Iterating through two identical data sources - c#

I have data with the same schema in a pipe delimited text file and in a database table, including the primary key column.
I have to check if each row in the file is present in the table, if not generate an INSERT statement for that row.
The table has 30 columns, but here I've simplified for this example:
ID Name Address1 Address2 City State Zip
ID is the running identity column; so if a particular ID value from the file is found in the table, there should be no insert statement generated for that.
Here's my attempt, which doesn't feel correct:
foreach (var item in RecipientsInFile)
{
if (!RecipientsInDB.Any(u => u.ID == item.ID ))
{
Console.WriteLine(GetInsertSql(item));
}
}
Console.ReadLine();
EDIT: Sorry, I missed the asking the actual question; how to do this?
Thank you very much for all the help.
EDIT: The table has a million plus rows, while the file has 50K rows. This a one time thing, not a permanent project.
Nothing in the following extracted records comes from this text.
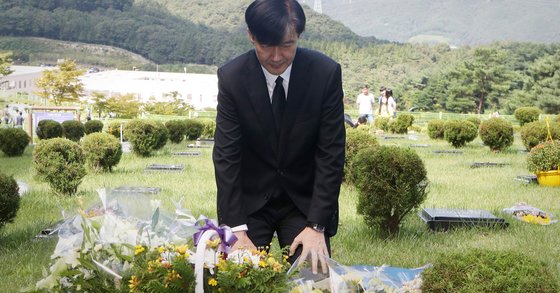조국 법무부 장관이 14일 오전 부산 기장군 부산추모공원에 안장된 고 김홍영 전 검사 묘소에서 참배하고 있다. [연합뉴스] |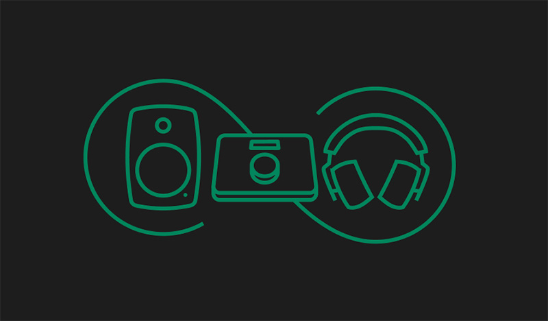 スタジオの外でも正確で効率的な作業が可能に。8380Aは、UNIOエコシステムと高度に連携し、ヘッドホンとスピーカーをシームレスに切り替えながら、ステレオからイマーシブまでの正確なモニタリング体験を提供します。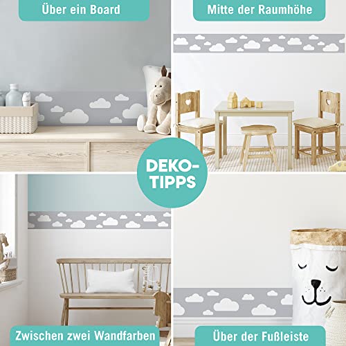 Lovely label, bordo autoadesivo, 450 x 11,5 cm, con motivo di nuvole, grigio

I would add all the RecipientsInDB Ids in a HashSet and then test if the set contains the item Id.
var recipientsInDBIds = new Hashset(RecipientsInDB.Select(u => u.ID));
foreach (var item in RecipientsInFile)
{
if (!recipientsInDBIds.Contains(item.ID ))
{
Console.WriteLine(GetInsertSql(item));
}
}
Console.ReadLine();

Try comparing the ID lists using .Except()
List<int> dbIDs = Recipients.Select(x=>x.ID).ToList();
List<int> fileIDs = RecipientsFile.Select(x=>x.ID).ToList();
List<int> toBeInserted = fileIDs.Except(dbIDs).ToList();
toBeInserted.ForEach(x=>GetInsertSqlStatementForID(x));
For the pedantic and trollish among us in the comments, please remember the above code (like any source code you find on the interwebs) shouldn't be copy/pasted into your production code. Try this refactoring:
foreach (var item in RecipientsFile.Select(x=>x.ID)
.Except(DatabaseRecipients.Select(x=>x.ID)))
{
GetInsertSqlStatementForID(item);
}

Lots of ways of accomplishing this. Yours is one way.
Another would be to always generate SQL, but generate it in the following manner:
if not exists (select 1 from Recipients where ID == 1234)
insert Recipients (...) values (...)
if not exists (select 1 from Recipients where ID == 1235)
insert Recipients (...) values (...)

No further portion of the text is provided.